When the courts cried foul in 1805, lawmakers reached a compromise. They returned the escheated lands to UNC — and, in exchange, claimed the power to fill seats on the University’s Board of Trustees (the precursor to today’s Board of Governors). They forfeited that power in North Carolina’s 1868 constitution but regained it five years later and have held it ever since. Only New York’s board of regents and the five-campus University of Minnesota board of trustees have similar systems of pure legislative appointments.

The biggest modern-day dispute came in the early 1970s. It was described by both sides as a “holy war”: how to consolidate North Carolina’s four-year public institutions into a single system. Restructuring higher education meant sparring over how much power to give the new Board of Governors, how much to insulate the universities from political interference, and how much political and academic heft the original university would retain.

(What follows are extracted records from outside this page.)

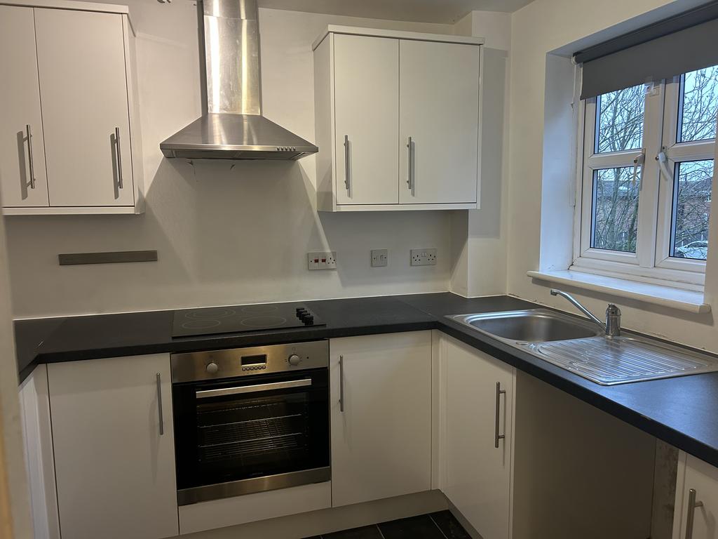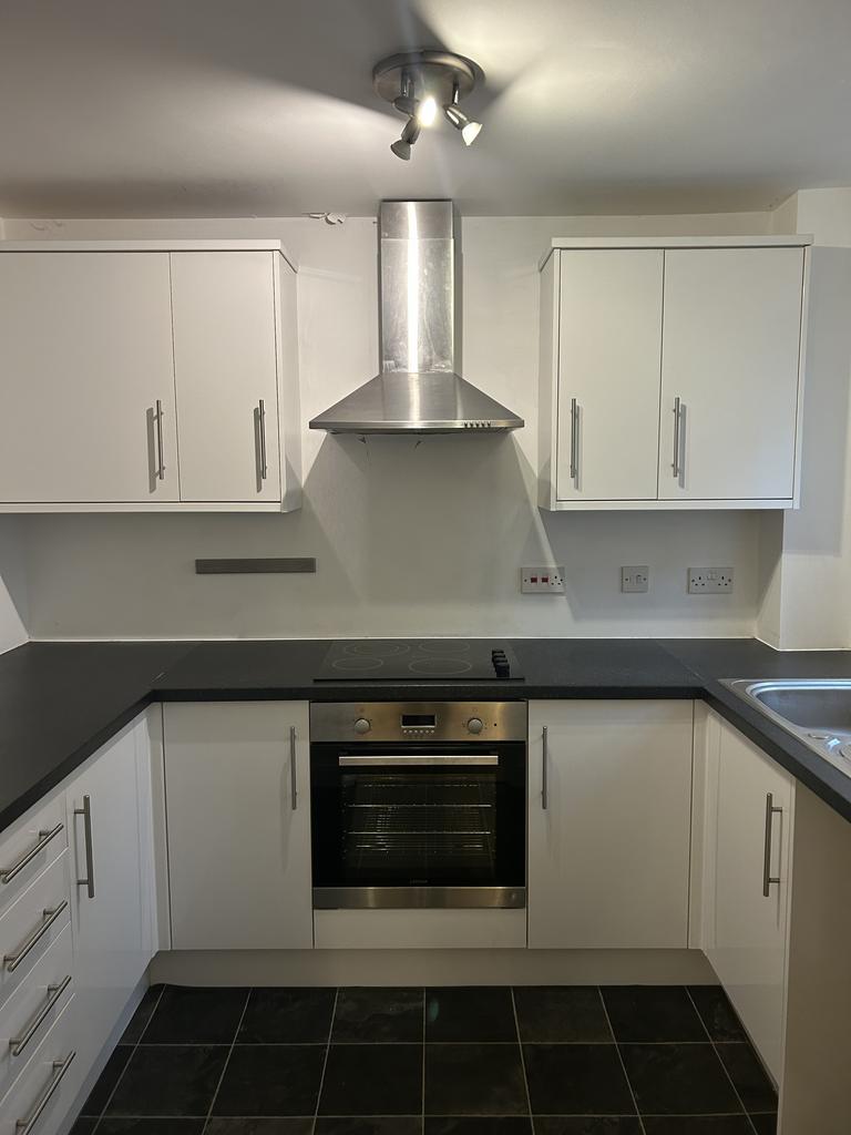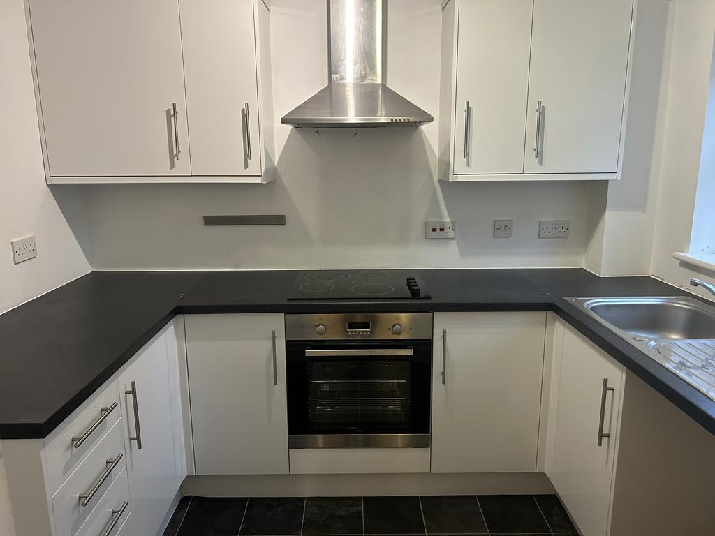 Double glazed window to rear aspect, Vinyl flooring, worktops, range of matching White high gloss base and eye level units, stainless steel sink unit with mixer tap, Electric oven and hob with stainless steel extractor fan over, space for fridge/freezer and space for washing machine, power points.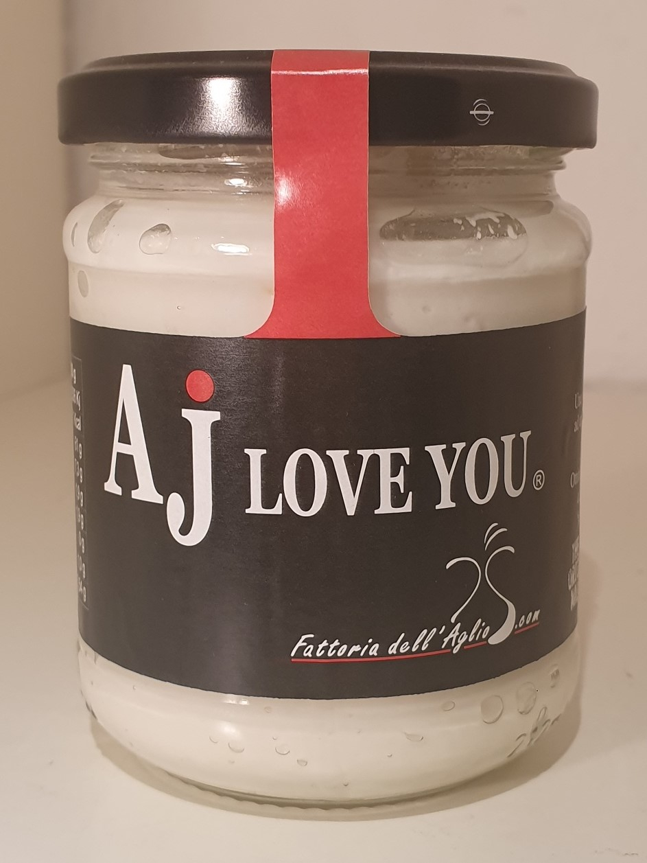 Auf piemontesisch heißt der Knoblauch “Aj”, daher das Wortspiel mit “Aj love you”.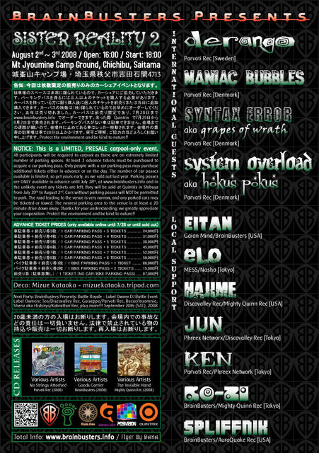 【Notice】 ★ 告知:今回は枚数限定の前売りのみのカーシェアイベントとなります。 駐車場のスペースは非常に限られているので、カーシェアにご協力していただきます。車で来る方はカーパスが必要となります。カーパスを得るには三人以上のチケットを購入する必要があります。カーパスを持っている方に限り購入後に個人のチケットを前売りまたは当日に追加購入できます。カーパスの枚数は限られているのでお早めにオーダーしてください。去年は売り切れました。カーパスは前売り限定であり、7月30日まで http://www.brainbusters.info/ でオーダーできます。余った際 Quintrix で7月31日から8月2日まで発売されます。カーパスがない車は駐車できません。会場までの道路が細いので、会場外に止めてある車はレッカー移動されます。会場外の最寄の駐車場は車で20分以上かかります。何卒ご理解、ご協力のほどよろしくお願い申し上げます。Protect the environment and be kind to nature!!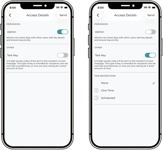 Text Keys are exclusive to the Nexkey Controller. This will allow the recipient to unlock your door via a 6-digit access code that will be sent by SMS text message. This is best used in cases where you don't want the recipient to download the app and create a new account.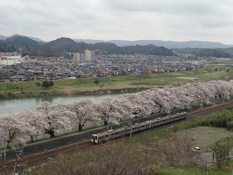 船岡駅に到着し、大河原駅に向けて出発すると「スピードを落として運行しております。一目千本桜をお楽しみください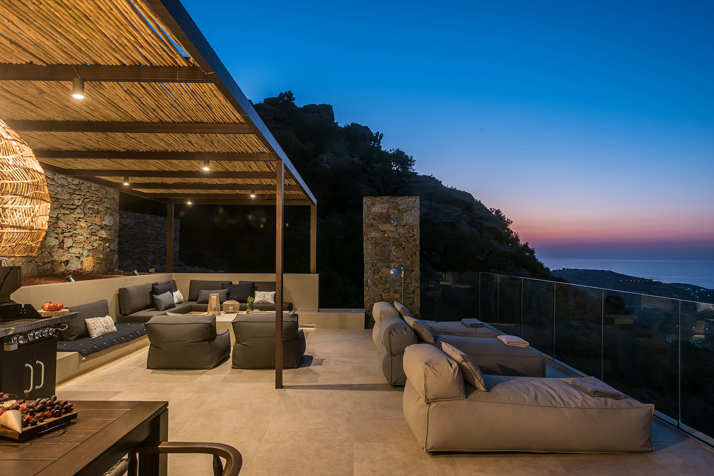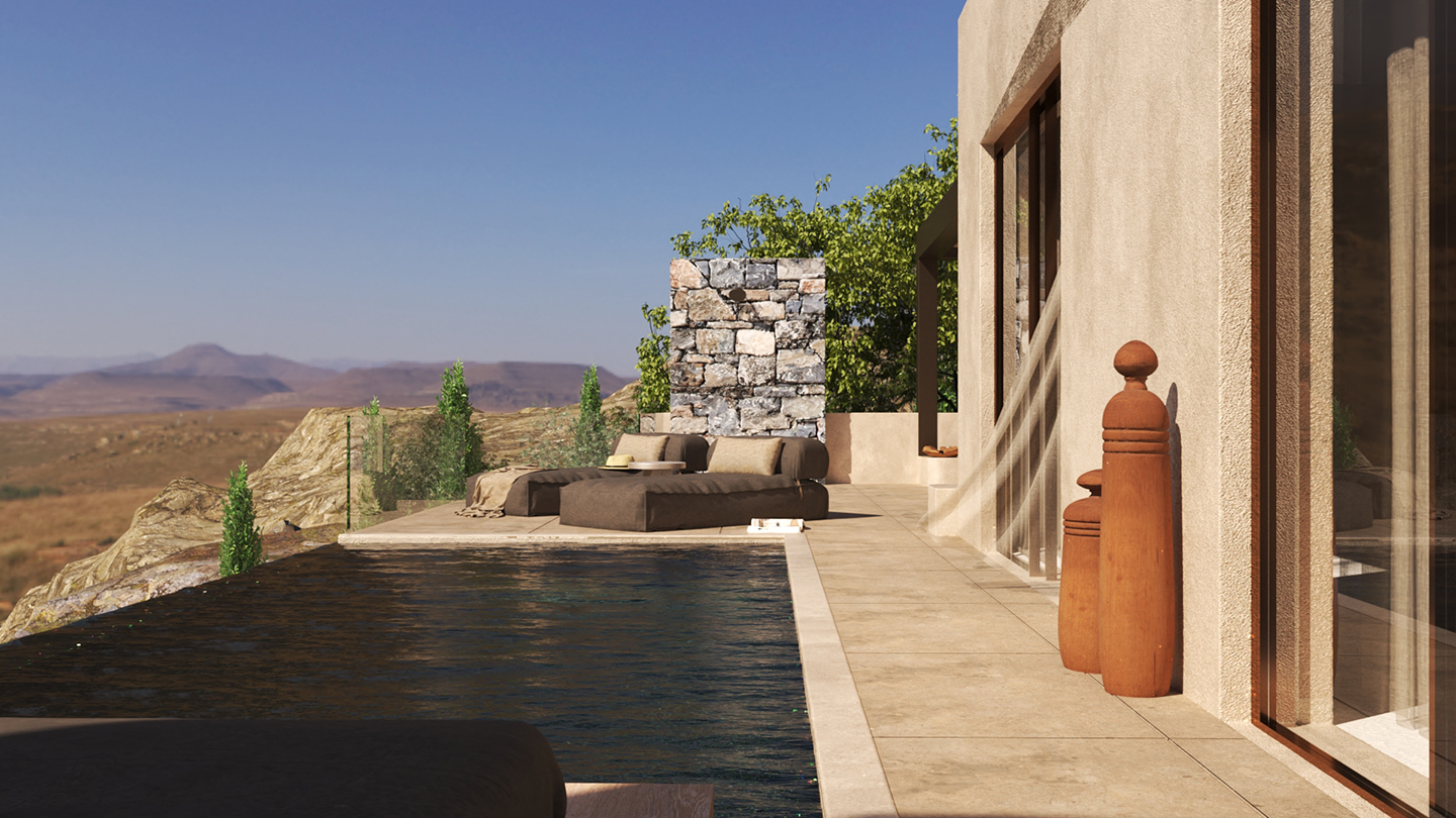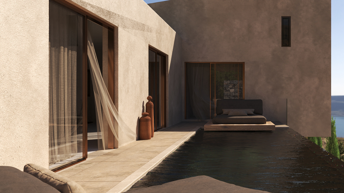 Η κύρια κρεβατοκάμαρα, το σαλόνι και το εξωτερικό καθιστικό διατάσσονται γύρω από την πισίνα προσφέροντας μια ανεπανάληπτη εμπειρία διαμονής. Το τζακούζι με τη θέα και η σάουνα προσθέτουν στην πολυτελή διαμονή. Η επιδίωξη μας ήταν να παρέχουμε με άνεση και πολυτέλεια την εμπειρία του βουνού και τις θάλασσας σε ένα ιδιαίτερο και προστατευμένο περιβάλλον.

At the center of the debate were Gov. Bob Scott, who buoyantly championed the restructuring, and Bill Friday ’48 (LLB), president of what for 40 years had been the Consolidated University, which encompassed the original university in Chapel Hill, and what now are N.C. State University and UNC-Greensboro. Friday saw the need for better coordination but feared the shifting of resources away from Chapel Hill. The two men had clashed before, notably in 1969, when the diplomacy-minded Friday felt undercut by Scott’s decision to quell student civil rights protests with riot-trained state police.

The final plan, passed in 1971, represented a compromise; it did not end the conversation about governance. In 2001, the state and the Board of Governors were sued over a law setting BOG membership quotas based on sex, race and party affiliation. The lead plaintiff was Walter R. Davis, a former BOG member after whom a Carolina library is named. Rather than go to trial, the Legislature rescinded the quotas.

Then, in 2006, the N.C. Center for Public Policy Research, a nonpartisan think tank, warned that the BOG selection process had become “highly politicized” and “increasingly partisan.” The center called for a hybrid system in which the governor and Legislature shared appointment powers. A year earlier, the conservative John W. Pope Center for Higher Education Policy (the predecessor of the James G. Martin Center for Academic Renewal) had called for the governor to appoint all BOG members.

Neither suggestion was taken. In 2017, the Legislature made one significant change: It voted to gradually reduce the BOG’s membership from 32 to 24. (It’s now at 28.) The structure might be similar, but in tone, the current board is a new entity.

— Barry Yeoman

 

By definition, political

Seats on the Board of Governors always have been coveted gifts. “No one gets to the board unless you’re political,” says member C. Philip Byers, a retired sheriff. “This is a political board. You have to have ties to the Legislature.”

That was the case when Democrats controlled the process. It was natural that, when the Legislature changed hands in 2011, the new Republican leadership would follow suit.

The first rounds of Republican appointments sparked bitter debate. Democratic lawmakers said their party was shut out and noted that new members were overwhelmingly white and male. Republicans replied that these were the spoils of victory. “I would just remind you of one thing,” GOP Rep. Edgar Starnes said in 2013. “The Republicans won the election. We are in control.”

That year, appointees included one then-Democrat, hotel developer Doyle Parrish ’76. In his response, then-House Speaker Thom Tillis pointed out that Parrish had donated generously to Republicans. “I would estimate he is directly responsible for more than $100,000 in financial support,” Tillis, who is now a U.S. senator, wrote in a memo to legislative leaders.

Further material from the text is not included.